On the balance sheet, if you could discuss how much capacity you do have for increasing the amount of loans that you have on balance sheet and if there’s maybe other ways to increase that capacity.
So yeah, now you can see Upstart loans are performing and suddenly want us to take MORE loans on our balance sheet. You can’t make it up.
Market: Boy, it’s fun buying puts on Upstart.
Cramer: AI is really going to change the world–every company. But not Upstart, they’re not a good company.
Upstart Q1 2023 call:
I’m pleased to tell you that we secured multiple long-term funding agreements together expected to deliver more than $2 billion to the Upstart platform over the next 12 months. This is a critical first step toward building resiliency and predictability into our business.
We pushed 2023 new and improved versions of our AI models into production during the first quarter alone about one every three days. We’re confident that our AI has never been as sophisticated or as accurate as it is today. But in order to deliver the best rates for all, we also need a diversity of bank and credit union partners, each with different priorities, business objectives, and balance sheet issues to solve.
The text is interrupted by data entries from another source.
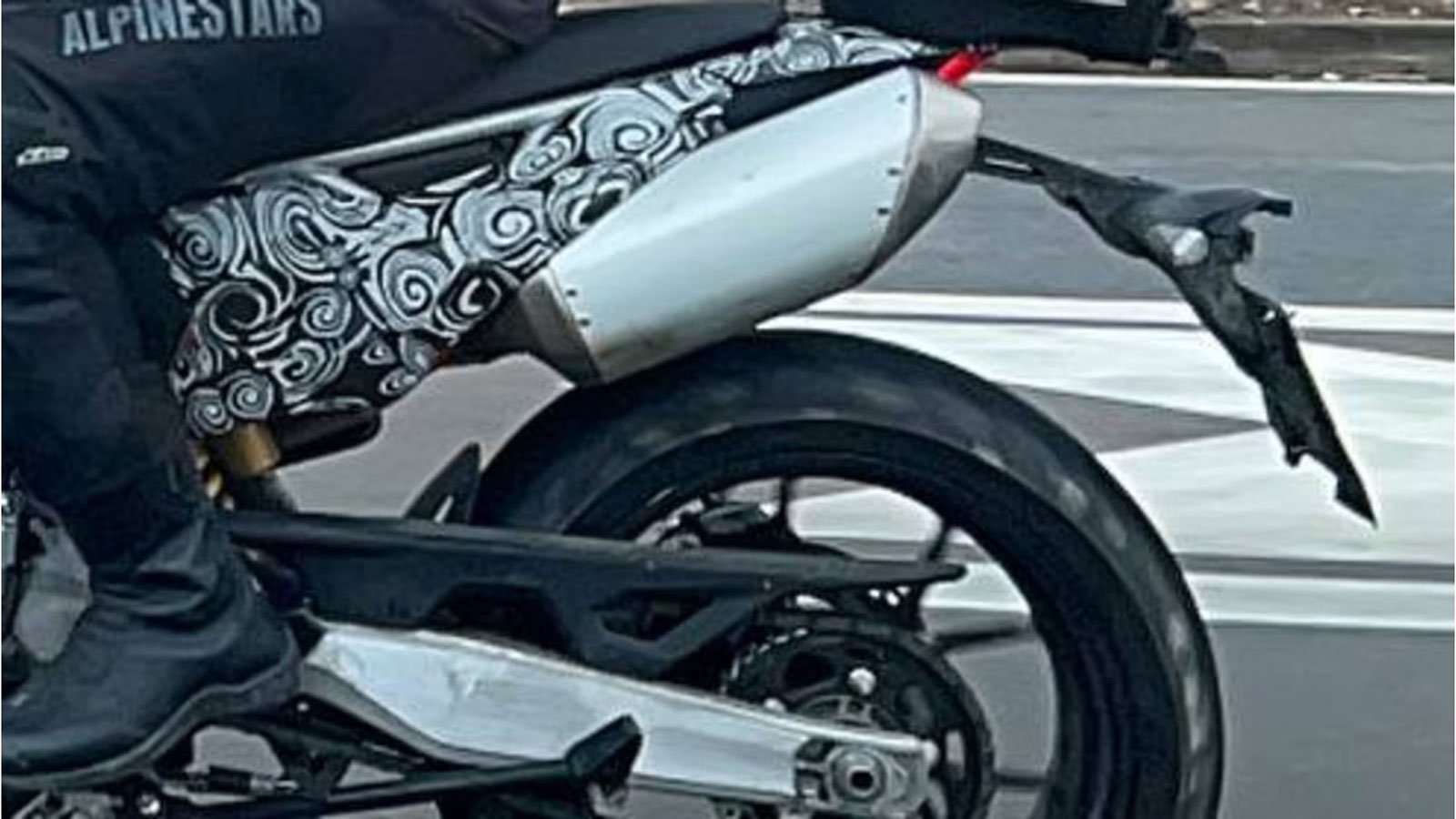 Στις φωτογραφίες βλέπουμε ανεστραμμένο πιρούνι μπροστά και μονοσόκ αμορτισέρ πίσω, ενώ οι αλουμινένιες ζάντες είναι 17” και στο μονό δισκόφρενο μπροστά βλέπουμε μια δαγκάνα Brembo.
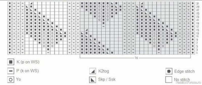 Спасибо, Ирина, очень приятно! Пустые клеточки — нет петли. Количество петелек в рядах разное, за счет этого рисунок объемный. Самый первый ряд (его здесь нет) 7 изнаночных, 9 лицевых, затем 1 ряд по схеме и и т.д. Ещё я лопухнулась немного, после резинки надо провязать один ряд лицевыми, чтобы не было пунктирчиков после резинки. Темный квадрат — лицевые, остальное я думаю понятно.
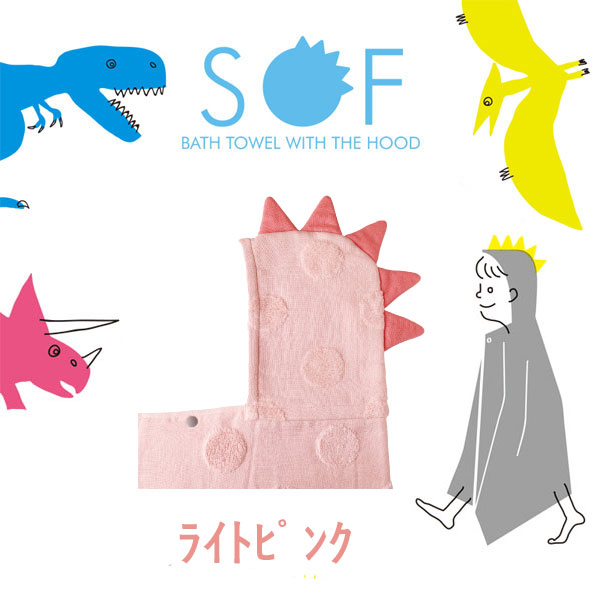 SOF ソフ フード付きタオル ライトピンク 恐竜 今治産
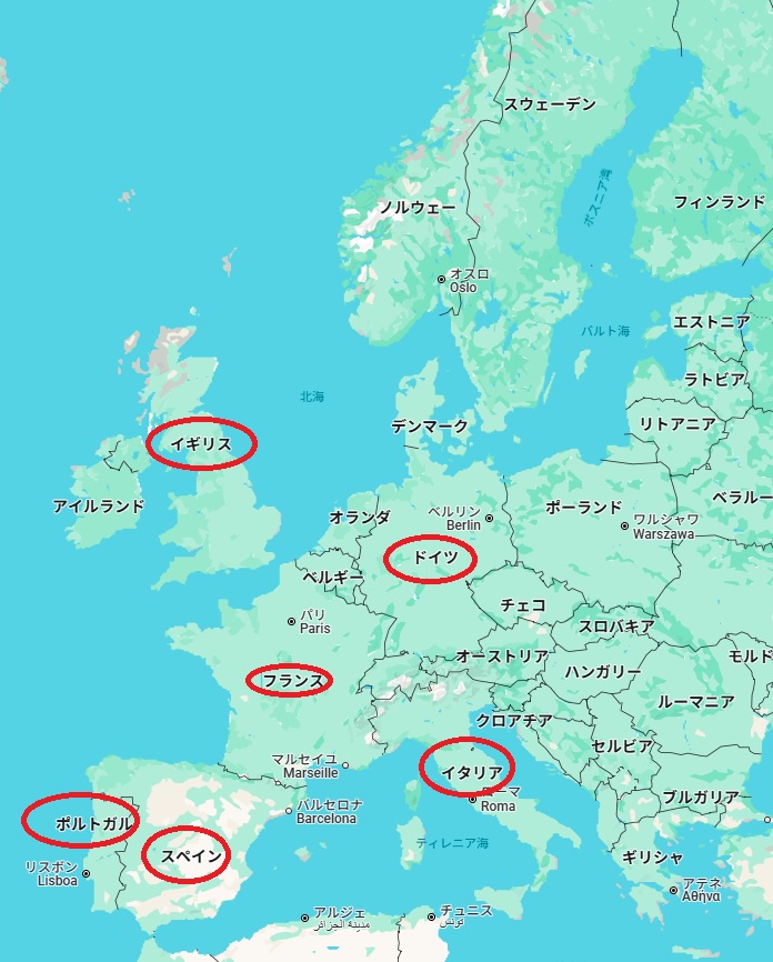 赤い丸の方は所謂列強なだけ、ポルトガルが意味分からんが
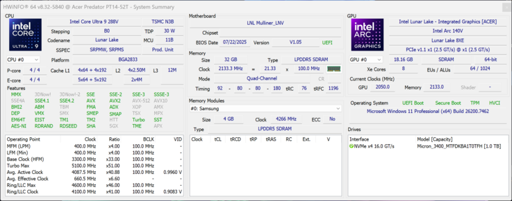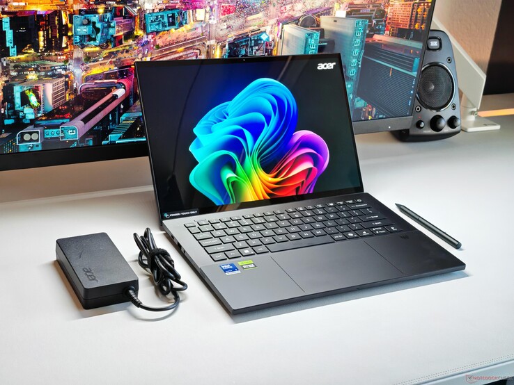 Batteriet på 76 Wh möjliggör rimliga drifttider, men Lunar Lake-processorn ger inte riktigt någon fördel här. Med 9 timmar i WLAN-testet vid 150 cd/m² och 6:45 timmar vid full ljusstyrka ligger Acer strax före Razer Blade 14 (72 Wh), men också klart bakom ROG Zephyrus G14 (73 Wh).
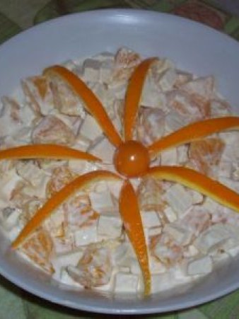 Ещё один совет (уже от меня, а не от автора рецепта). Если у вас апельсин, кожура которого пригодна к пище, нарежьте немного кожуры и тоже добавьте в салат - он станет ещё вкуснее.
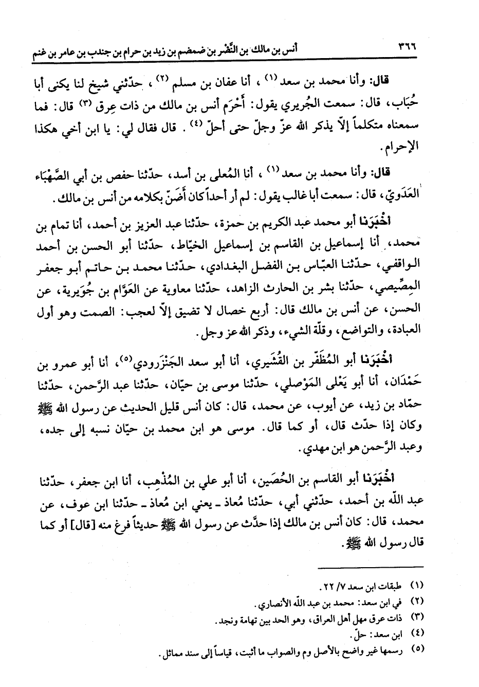 قال وأنا محمد بن سعد (1) أنا عفان بن مسلم (2) حدثني شيخ لنا يكنى أبا حباب قال سمعت الجريري يقول أحرم أنس بن مالك من ذات عرق (3) قال فما سمعناه متكلما إلا يذكر الله عز وجل حتى أحل (4) قال فقال لي يا ابن أخي هكذا الإحرام قال وأنا محمد بن سعد أنا المعلى بن أسد حدثنا حفص بن أبي الصهباء العدوي قال سمعت أبا غالب يقول لم أر أحدا كان أضن بكلامه من أنس بن مالك أخبرنا أبو محمد عبد الكريم بن حمزة حدثنا عبد العزيز بن أحمد أنا تمام بن محمد أنا إسماعيل بن القاسم بن إسماعيل الخياط حدثنا أبو الحسن بن أحمد الواقفي حدثنا العباس بن الفضل البغدادي حدثنا محمد بن حاتم أبو جعفر المصيصي حدثنا بشر بن الحارث الزاهد حدثنا معاوية عن العوام بن جويرية عن الحسن عن أنس بن مالك قال أربع خصال لا تضيق إلا لعجب الصمت وهو أول العبادة والتواضع وقلة الشئ وذكر الله عز وجل أخبرنا أبو المظفر بن القشيري أنا أبو سعد الجنزرودي (5) أنا أبو عمرو بن حمدان أنا أبو يعلى الموصلي حدثنا موسى بن حيان حدثنا عبد الرحمن حدثنا حماد بن زيد عن أيوب عن محمد قال كان أنس قليل الحديث عن رسول الله (صلى الله عليه وسلم) وكان إذا حدث قال أو كما قال موسى هو ابن محمد بن حيان نسبه إلى جده وعبد الرحمن هو ابن مهدي أخبرنا أبو القاسم بن الحصين أنا أبو علي بن المذهب أنا ابن جعفر حدثنا عبد الله بن أحمد حدثني أبي حدثنا معاذ يعني ابن معاذ حدثنا ابن عوف عن محمد قال كان أنس بن مالك إذا حدث عن رسول الله (صلى الله عليه وسلم) حديثا فرغ منه قال أو كما قال رسول الله (صلى الله عليه وسلم)

Today, we have almost 100 such partners in order of magnitude more than the 10 we had when we went public in December 2020.
We additionally need a strong presence and reputation in institutional and capital markets because the limited risk appetite of bank balance sheets will never serve the needs of the entire U.S. credit market. This quarter, we expanded our roster of institutional partners in ways that should help us deliver quality offers to consumers through all parts of the cycle. Second, more efficient borrowing and lending, every quarter we aim to make our platform more efficient for consumers and bank partners.
Some Analysts: Congrats on the quarter!
Other Analysts: You had big losses! This is terrible!
Castlelake: Hey, we’ll take $4B of those loans off your hands, either ones you’re holding now (we’d like those profits that are obviously coming) or new ones you’d like to make.